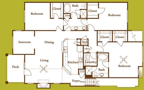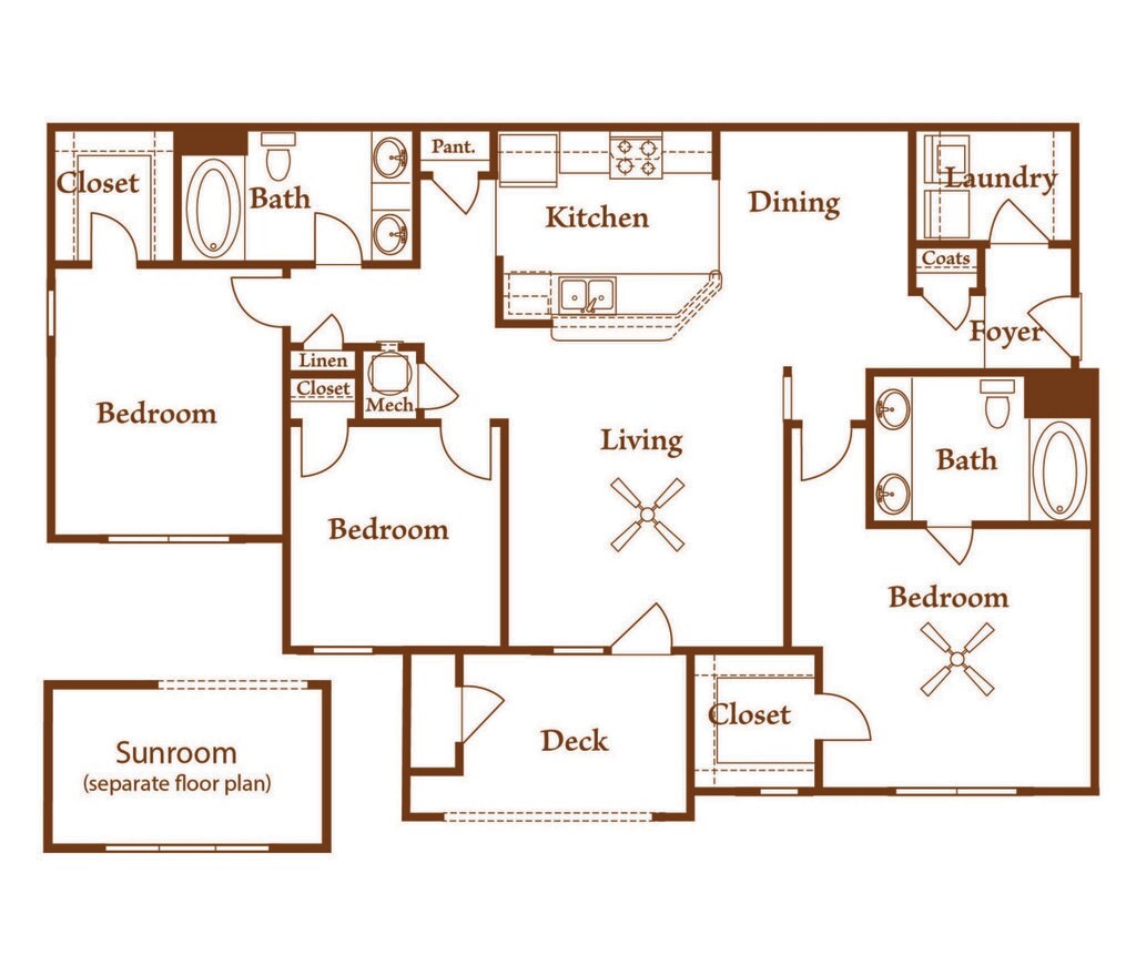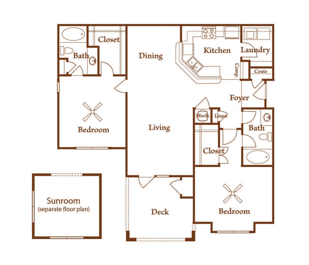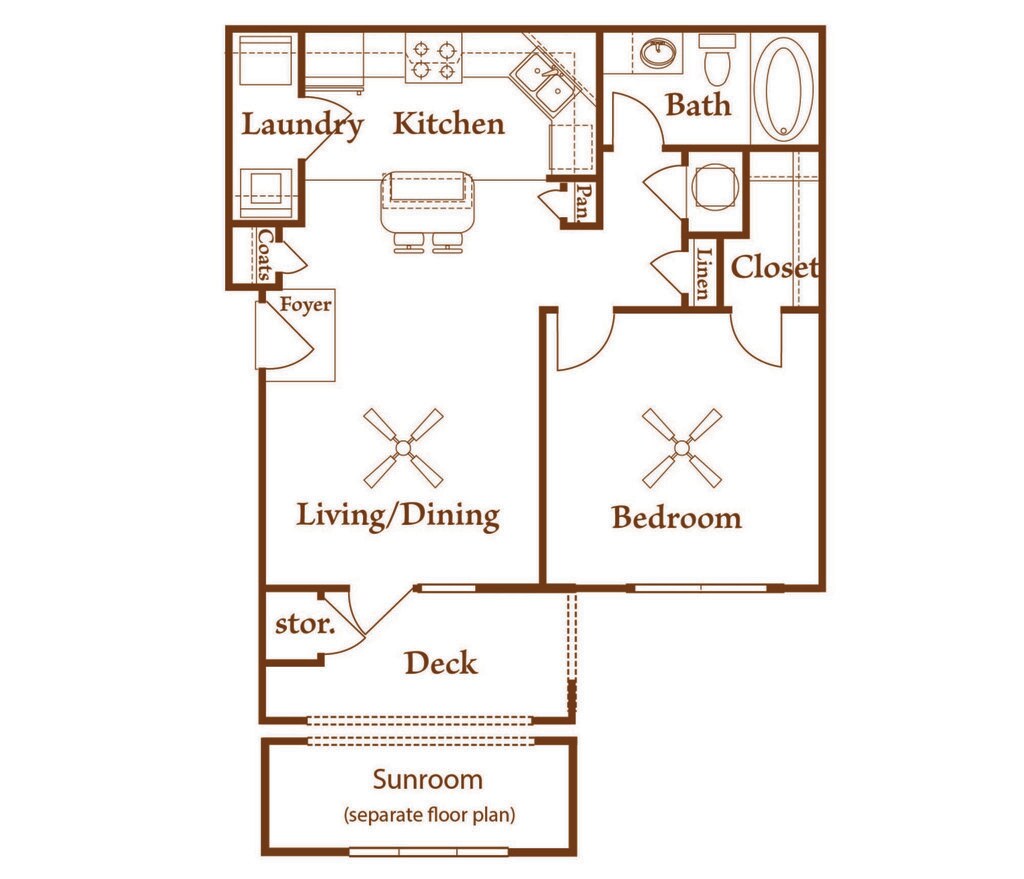 Holly - Sunroom - Plano 1 Unidad de apartamento: 533Modelo de apartamento: Holly - Sunroom$1,3141 Dormitorio, 1 Baño, 871 sq ftDisponible December 18, 2025Laurel
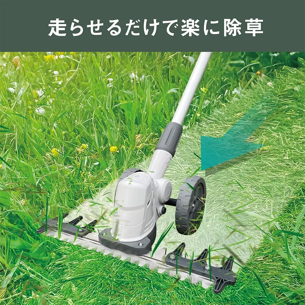 ■重量 約160g 走らせるだけで楽に除草 大きい車輪で軽い操作感、凸凹道でもスムーズに動かせます。 雑草に覆われた広い場所を掃除機のようにスイスイ走らせるだけで楽に除草。 充電式でコードレスだから電源や取り回しを気にせずどこでも使用可能です。
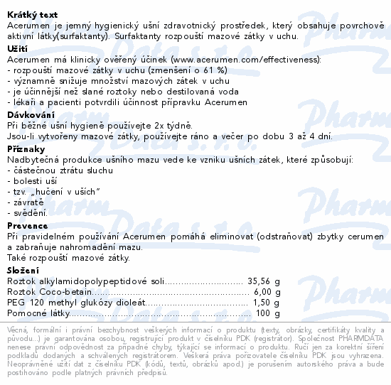 Acerumen je jemný hygienický ušní zdravotnický prostředek, který obsahuje povrchově aktivní látky(surfaktanty). Surfaktanty rozpouští mazové zátky v uchu.

▸ **Task to carry out**
In your copy of the listing above, reproduce each line exactly and omit all pictures.

▸ **Response**
 Holly - Sunroom - Plano 1 Unidad de apartamento: 533Modelo de apartamento: Holly - Sunroom$1,3141 Dormitorio, 1 Baño, 871 sq ftDisponible December 18, 2025Laurel
 ■重量 約160g 走らせるだけで楽に除草 大きい車輪で軽い操作感、凸凹道でもスムーズに動かせます。 雑草に覆われた広い場所を掃除機のようにスイスイ走らせるだけで楽に除草。 充電式でコードレスだから電源や取り回しを気にせずどこでも使用可能です。
 Acerumen je jemný hygienický ušní zdravotnický prostředek, který obsahuje povrchově aktivní látky(surfaktanty). Surfaktanty rozpouští mazové zátky v uchu.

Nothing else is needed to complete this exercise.